The Conservation Commission, through a subcommittee on deer management, is considering opening some selected conservation areas to bowhunting when the 2019 deer season begins next October. The first of three planned public meetings on the topic was held in Town Hall last Thursday, May 9. At least two more meetings are scheduled, also on Thursdays, May 23 and June 13, on topics related to deer population control and forest management.
As the deer population in Massachusetts has increased over the past 20 years or so, most Harvard residents have become aware of the problems deer can cause in flower beds, vegetable gardens, and orchards. What is less widely known is that a burgeoning deer population also causes damage in the forest. If deer are too numerous, they eat up the young saplings on the forest floor, wiping out the next generation of trees. They also consume the woodland shrubs and wildflowers that carpet the forest floor and provide habitat for smaller wildlife.

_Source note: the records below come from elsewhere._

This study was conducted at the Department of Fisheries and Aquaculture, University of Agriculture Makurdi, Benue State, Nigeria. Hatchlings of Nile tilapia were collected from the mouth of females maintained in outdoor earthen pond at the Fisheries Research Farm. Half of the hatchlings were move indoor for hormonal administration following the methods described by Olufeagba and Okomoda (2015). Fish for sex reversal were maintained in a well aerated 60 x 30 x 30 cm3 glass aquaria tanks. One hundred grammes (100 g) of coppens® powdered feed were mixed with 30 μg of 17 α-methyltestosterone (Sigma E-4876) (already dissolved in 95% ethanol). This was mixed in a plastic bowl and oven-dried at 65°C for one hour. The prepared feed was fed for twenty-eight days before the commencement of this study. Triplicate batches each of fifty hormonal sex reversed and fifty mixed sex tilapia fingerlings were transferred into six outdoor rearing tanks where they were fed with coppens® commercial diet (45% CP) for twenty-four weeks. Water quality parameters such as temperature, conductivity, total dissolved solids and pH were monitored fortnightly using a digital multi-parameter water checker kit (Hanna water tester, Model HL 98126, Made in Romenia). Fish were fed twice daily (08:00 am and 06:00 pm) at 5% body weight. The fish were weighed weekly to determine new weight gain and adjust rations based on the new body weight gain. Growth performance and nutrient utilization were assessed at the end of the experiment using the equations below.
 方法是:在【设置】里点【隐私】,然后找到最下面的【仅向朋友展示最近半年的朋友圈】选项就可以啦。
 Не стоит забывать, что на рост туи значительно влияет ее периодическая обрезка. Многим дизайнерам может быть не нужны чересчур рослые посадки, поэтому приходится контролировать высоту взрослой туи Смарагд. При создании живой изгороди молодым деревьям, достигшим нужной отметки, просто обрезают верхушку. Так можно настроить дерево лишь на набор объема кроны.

“Healthy forests will have complex structure with well-developed herb, shrub, sapling, and tree layers,” writes Thomas J. Rawinski of the U.S. Forest Service in a 2014 report. “Forests influenced by too many deer will develop simple structure characterized by sparse shrub and sapling layers.”
Concern for the health of local conservation lands led the Conservation Commission to set up its Deer Management Subcommittee, which began meeting in September 2018. Serving on the committee are Chair Robert Douglas, Paul Willard of the Conservation Commission, Tom Cotton of the Harvard Conservation Trust, and Jason Cole.
In a letter to the Press last December, the subcommittee members reported that the deer population density in Harvard was “significantly above” the ecological level recommended by the Massachusetts Division of Fisheries and Wildlife, as determined by a two-day study the division conducted in 2017.
Last week, the Conservation Commission and the subcommittee held a sparsely attended public meeting at which the guest speakers included Robert Dalton, the deer hunt coordinator for Andover, who explained how that town established criteria to grant a limited number of permits to bowhunters over the past eight years. To receive a permit, would-be hunters must be able to put three out of five arrows in a 6-inch-square target at 25 yards, he said. All bowhunting is done from elevated tree stands, Dalton said, rather than by hunters who are moving around the woods. He said the Andover conservation areas remain open for hikers, dog walkers, and others during hunting season. “There’s no safety issues with bowhunting—none at all,” he asserted.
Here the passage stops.